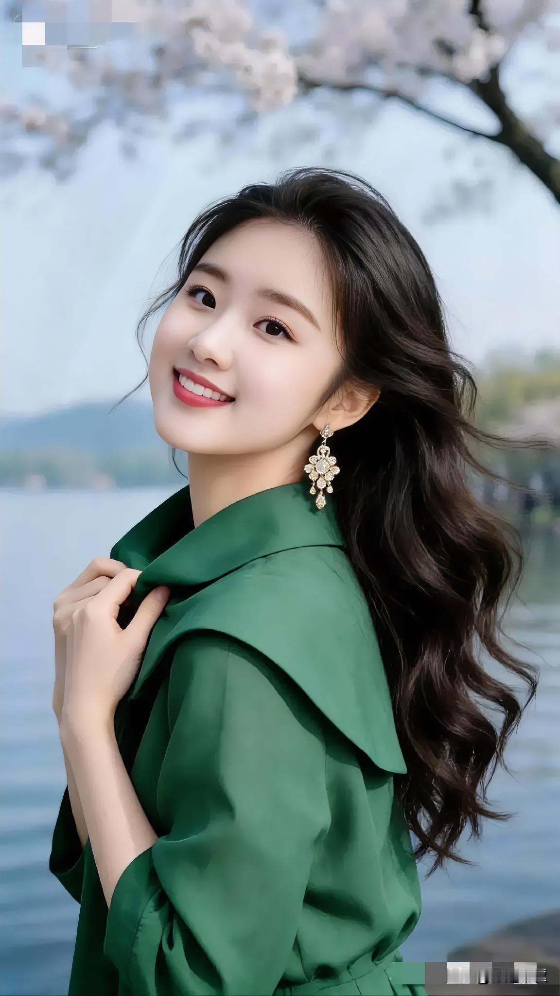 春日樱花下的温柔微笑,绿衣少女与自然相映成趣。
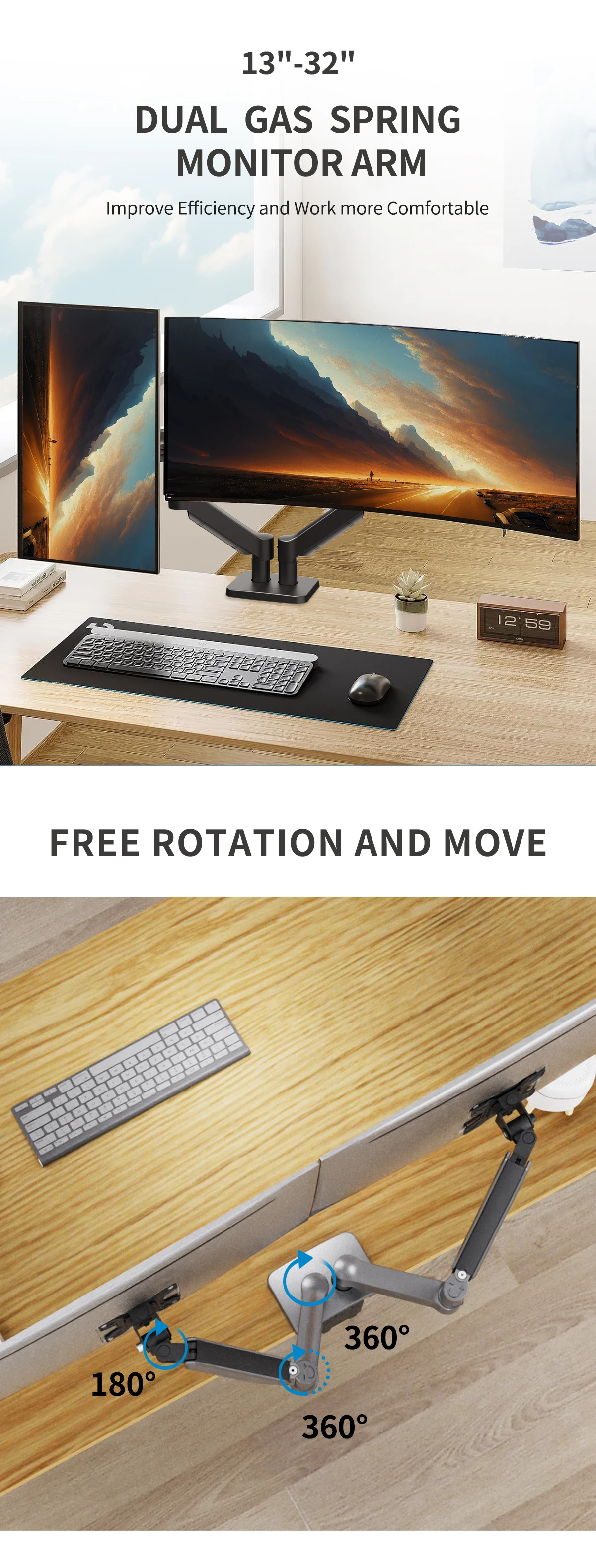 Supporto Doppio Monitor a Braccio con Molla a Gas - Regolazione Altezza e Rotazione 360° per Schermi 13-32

####

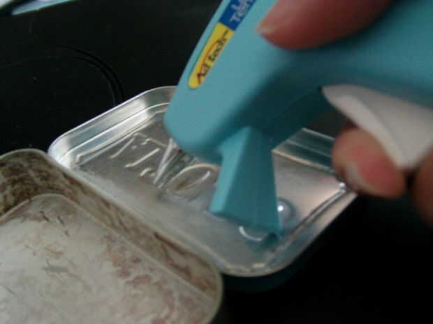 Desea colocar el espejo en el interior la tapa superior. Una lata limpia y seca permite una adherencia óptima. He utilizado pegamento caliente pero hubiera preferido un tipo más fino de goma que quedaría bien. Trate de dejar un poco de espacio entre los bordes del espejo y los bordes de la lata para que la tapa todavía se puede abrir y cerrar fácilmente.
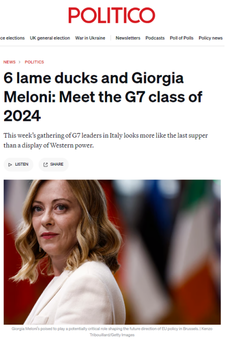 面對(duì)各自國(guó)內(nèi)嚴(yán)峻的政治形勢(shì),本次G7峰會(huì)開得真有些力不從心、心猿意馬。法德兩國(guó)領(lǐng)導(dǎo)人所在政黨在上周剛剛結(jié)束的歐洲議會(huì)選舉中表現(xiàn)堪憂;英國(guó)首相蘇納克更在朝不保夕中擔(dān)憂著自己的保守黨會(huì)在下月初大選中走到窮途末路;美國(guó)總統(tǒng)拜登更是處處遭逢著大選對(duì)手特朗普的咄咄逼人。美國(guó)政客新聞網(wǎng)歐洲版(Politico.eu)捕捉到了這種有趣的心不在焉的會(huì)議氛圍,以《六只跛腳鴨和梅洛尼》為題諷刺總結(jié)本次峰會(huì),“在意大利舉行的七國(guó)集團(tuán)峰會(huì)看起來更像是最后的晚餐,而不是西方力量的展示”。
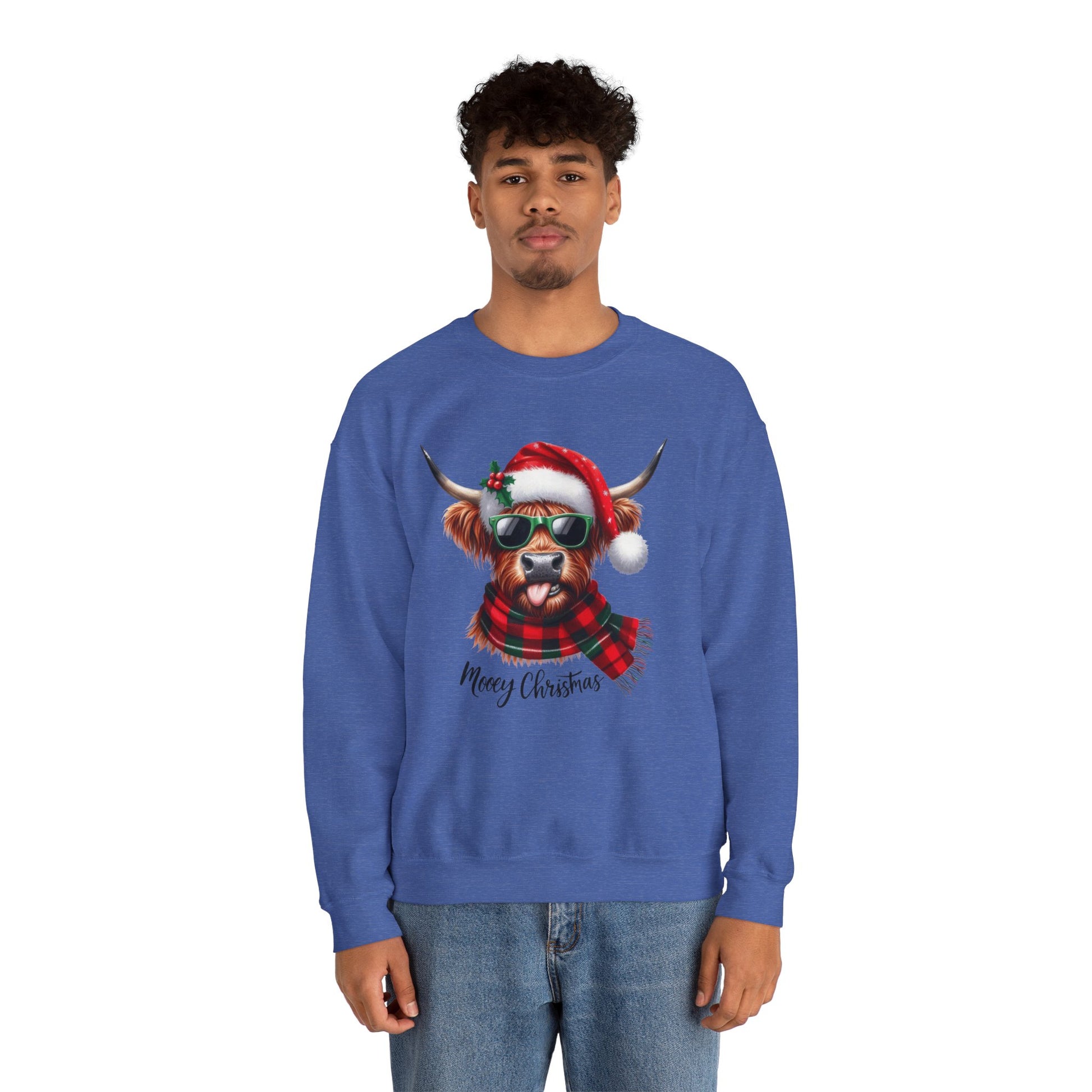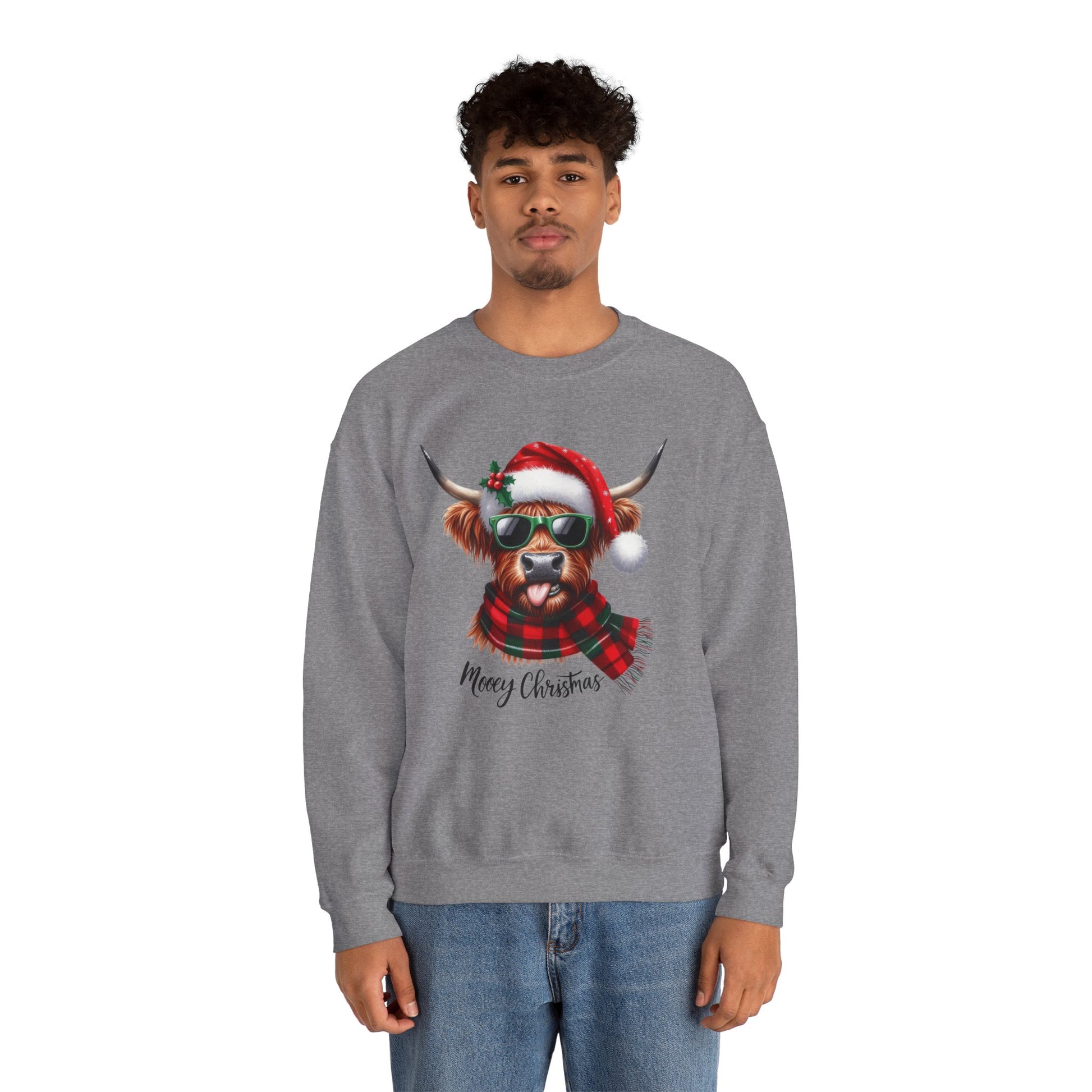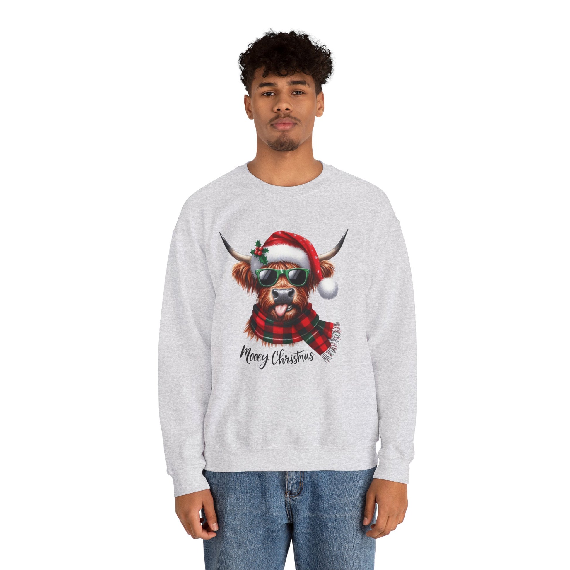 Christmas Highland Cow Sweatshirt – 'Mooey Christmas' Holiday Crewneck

####

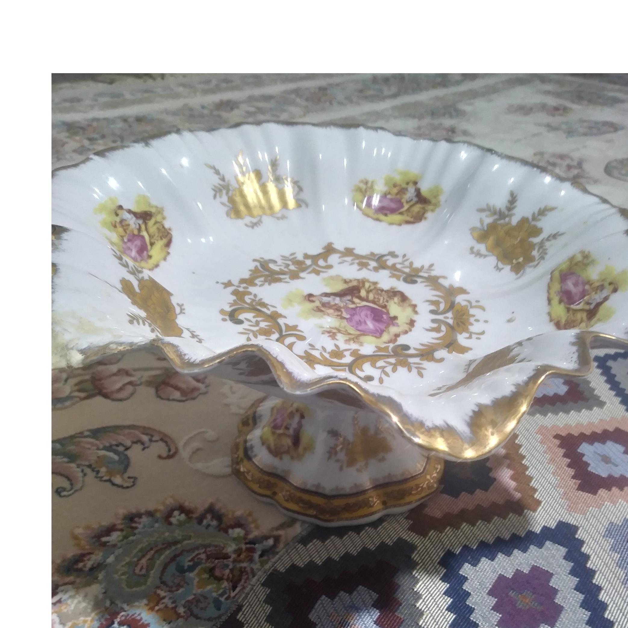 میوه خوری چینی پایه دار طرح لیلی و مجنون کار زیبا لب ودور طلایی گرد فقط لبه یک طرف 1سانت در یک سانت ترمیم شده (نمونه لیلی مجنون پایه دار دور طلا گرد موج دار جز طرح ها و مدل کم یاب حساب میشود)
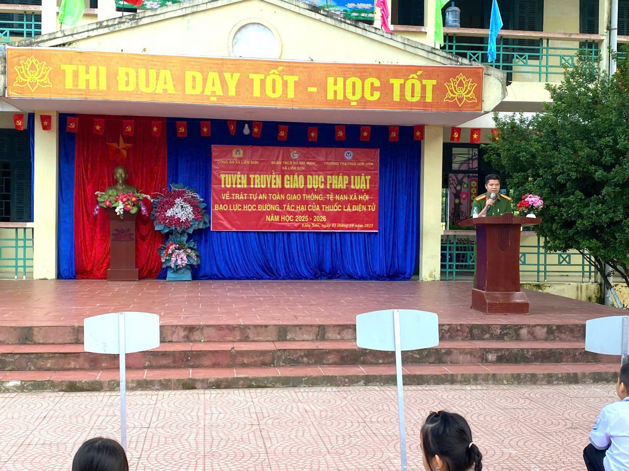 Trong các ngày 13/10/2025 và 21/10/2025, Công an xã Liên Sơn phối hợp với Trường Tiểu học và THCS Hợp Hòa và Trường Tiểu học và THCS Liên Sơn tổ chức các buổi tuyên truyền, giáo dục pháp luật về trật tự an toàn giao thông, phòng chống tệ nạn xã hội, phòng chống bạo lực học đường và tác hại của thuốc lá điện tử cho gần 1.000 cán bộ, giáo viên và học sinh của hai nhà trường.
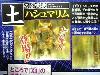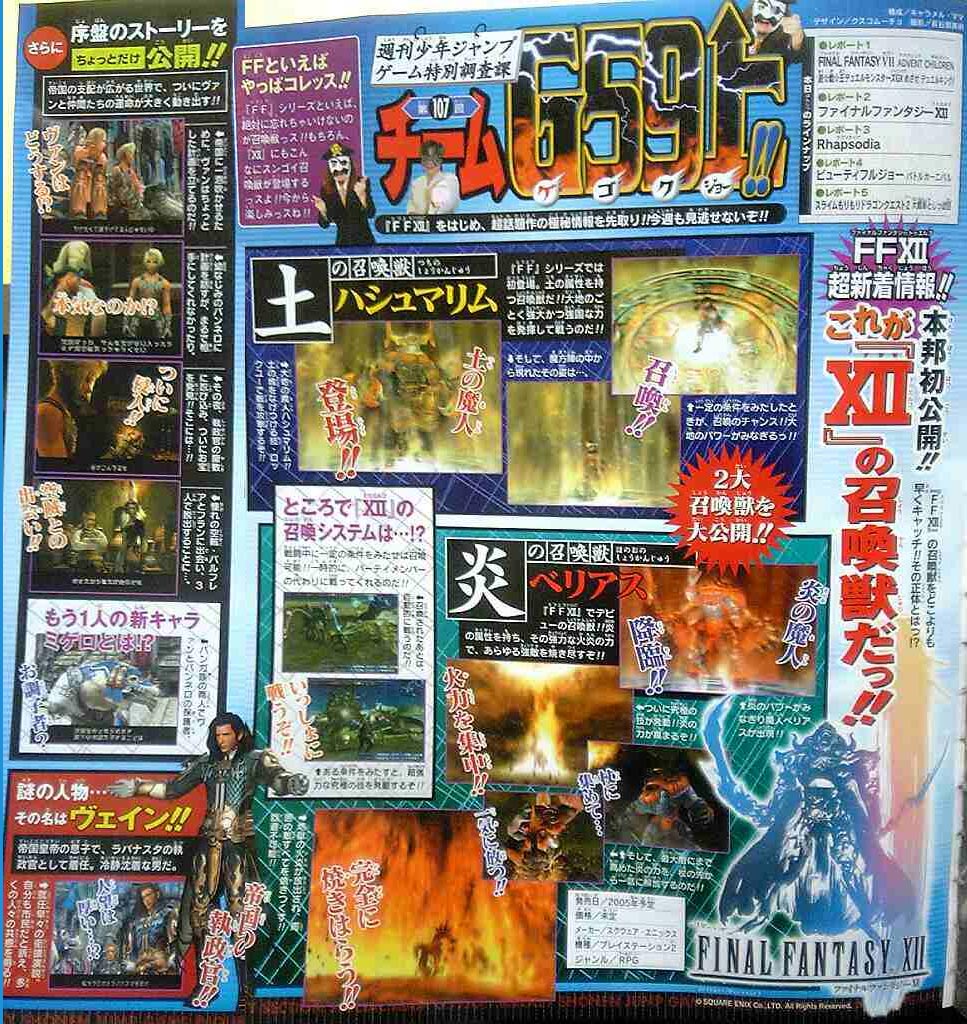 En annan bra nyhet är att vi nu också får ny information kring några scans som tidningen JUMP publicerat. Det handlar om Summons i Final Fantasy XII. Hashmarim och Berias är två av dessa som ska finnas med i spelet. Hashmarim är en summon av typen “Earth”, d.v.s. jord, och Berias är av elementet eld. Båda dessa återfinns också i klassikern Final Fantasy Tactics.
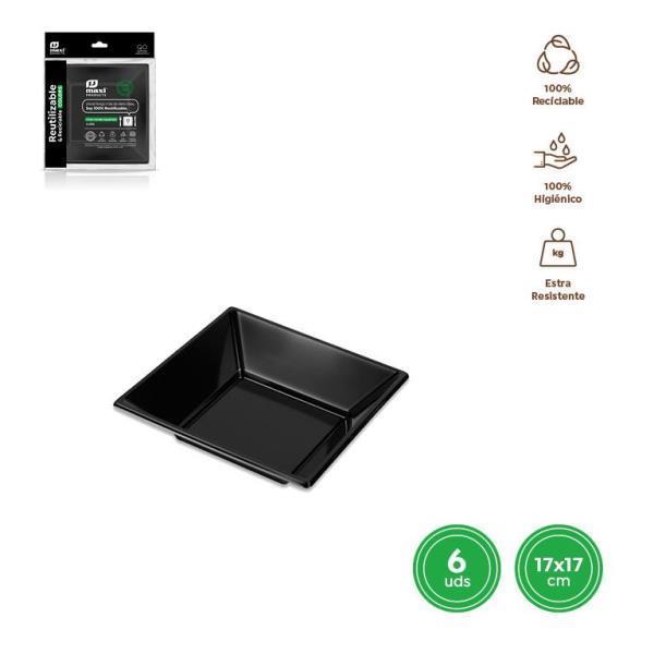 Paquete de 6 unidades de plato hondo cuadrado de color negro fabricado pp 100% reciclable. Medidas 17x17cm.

####

### Your assignment
For this exercise, set down the lines in the entries above from the one with "春日樱花下的温柔微笑,绿衣少女与自然相映成趣。" through the one with "Supporto Doppio Monitor" exactly as written, without any pictures.

### Completed task
 春日樱花下的温柔微笑,绿衣少女与自然相映成趣。
 Supporto Doppio Monitor a Braccio con Molla a Gas - Regolazione Altezza e Rotazione 360° per Schermi 13-32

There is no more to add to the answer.